--- DATA SUPPLIED Enclosed Below ---

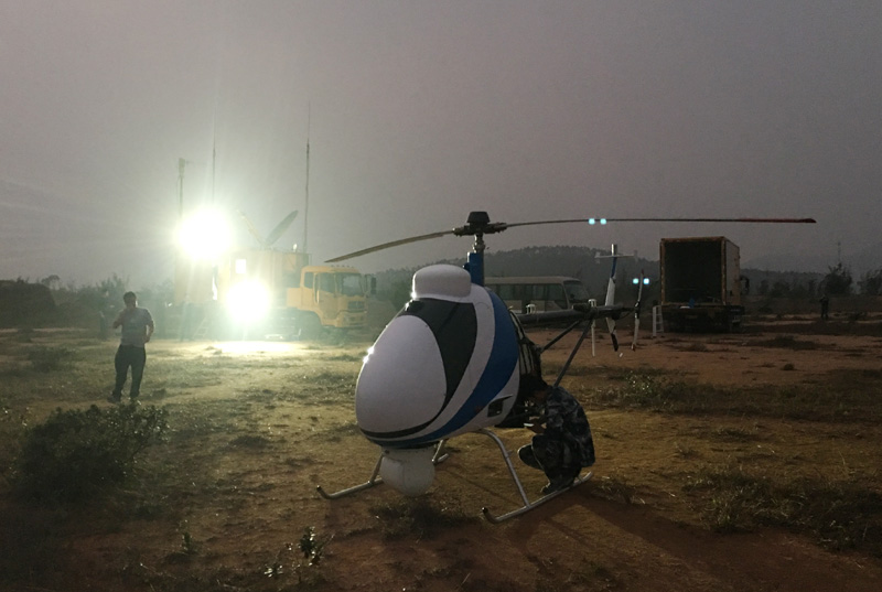 2018年1月22日晚,成功完成夜间巡检任务的无人直升机稳稳降落在空旷的地面。
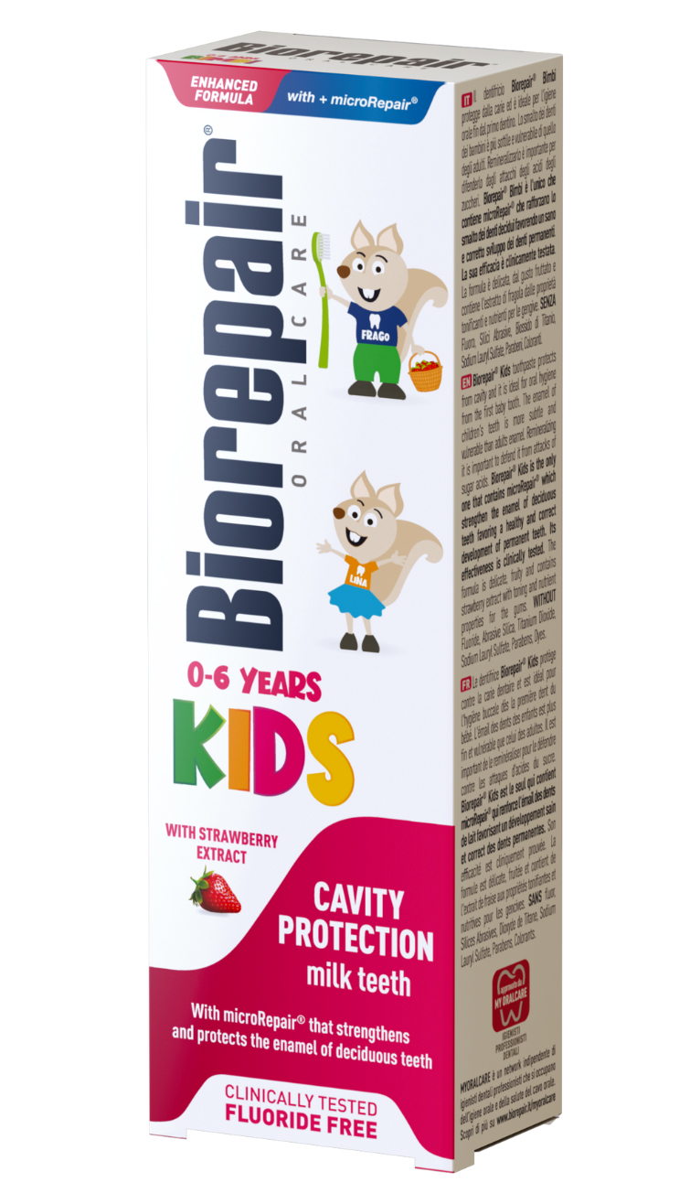 BIOREPAIR® kids – Fluoriidivaba laste hambapasta. Maasikamaitseline. Kaitseb hambaaukude eest ning teeb hambad tugevamaks ja tervemaks. See on ainus hambapasta, mis sisaldab hambaaukude tekke vastu võitlevat ja hambaemaili tugevdavat microRepair®-i. Tootes sisalduval maasikaekstraktil on toniseeriv toime ning see varustab igemeid toitainetega. Hambapastat soovitatakse kasutada ka hambaklambrite kandmise ajal, et varustada hambaemaili mineraalainetega. Hambapasta spetsiaa...
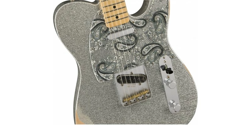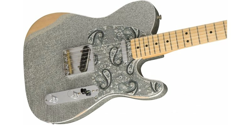 A clear plastic pickguard, adorned with black and silver paisley, lets the cool sparkle finish to shine through.
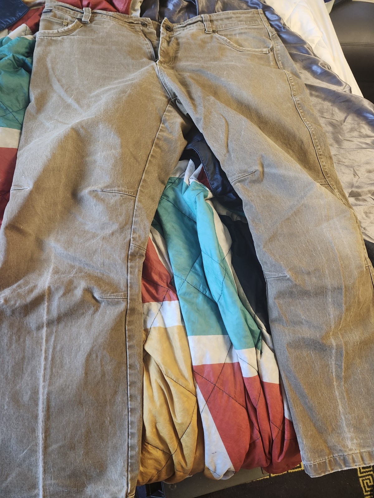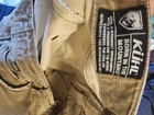 The Kuhl Ryder Pants in size 38X32 are a durable and versatile outdoor workwear option for men. Made from a stretchy spandex and cotton blend, these brown pants feature a solid pattern and flat front design with a mid-rise waist. The zip and snap closure and straight leg style make them suitable for casual or workwear occasions, while the nature-inspired logo accents add a stylish touch. Easy to care for with machine washable fabric, these Kuhl pants are a practical and comfortable choice for outdoor activities or everyday wear. disabled veteran seller,
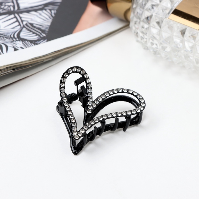 Крабик для волос «Джун», сердце, 4.5 см, чёрный

--- End of Enclosed DATA SUPPLIED ---

- **REQUIRED ACTION**: Write out all of the data above exactly, without any of its pictures.

- **RESULT FOR THIS TASK**:
 2018年1月22日晚,成功完成夜间巡检任务的无人直升机稳稳降落在空旷的地面。
 BIOREPAIR® kids – Fluoriidivaba laste hambapasta. Maasikamaitseline. Kaitseb hambaaukude eest ning teeb hambad tugevamaks ja tervemaks. See on ainus hambapasta, mis sisaldab hambaaukude tekke vastu võitlevat ja hambaemaili tugevdavat microRepair®-i. Tootes sisalduval maasikaekstraktil on toniseeriv toime ning see varustab igemeid toitainetega. Hambapastat soovitatakse kasutada ka hambaklambrite kandmise ajal, et varustada hambaemaili mineraalainetega. Hambapasta spetsiaa...
 A clear plastic pickguard, adorned with black and silver paisley, lets the cool sparkle finish to shine through.
 The Kuhl Ryder Pants in size 38X32 are a durable and versatile outdoor workwear option for men. Made from a stretchy spandex and cotton blend, these brown pants feature a solid pattern and flat front design with a mid-rise waist. The zip and snap closure and straight leg style make them suitable for casual or workwear occasions, while the nature-inspired logo accents add a stylish touch. Easy to care for with machine washable fabric, these Kuhl pants are a practical and comfortable choice for outdoor activities or everyday wear. disabled veteran seller,
 Крабик для волос «Джун», сердце, 4.5 см, чёрный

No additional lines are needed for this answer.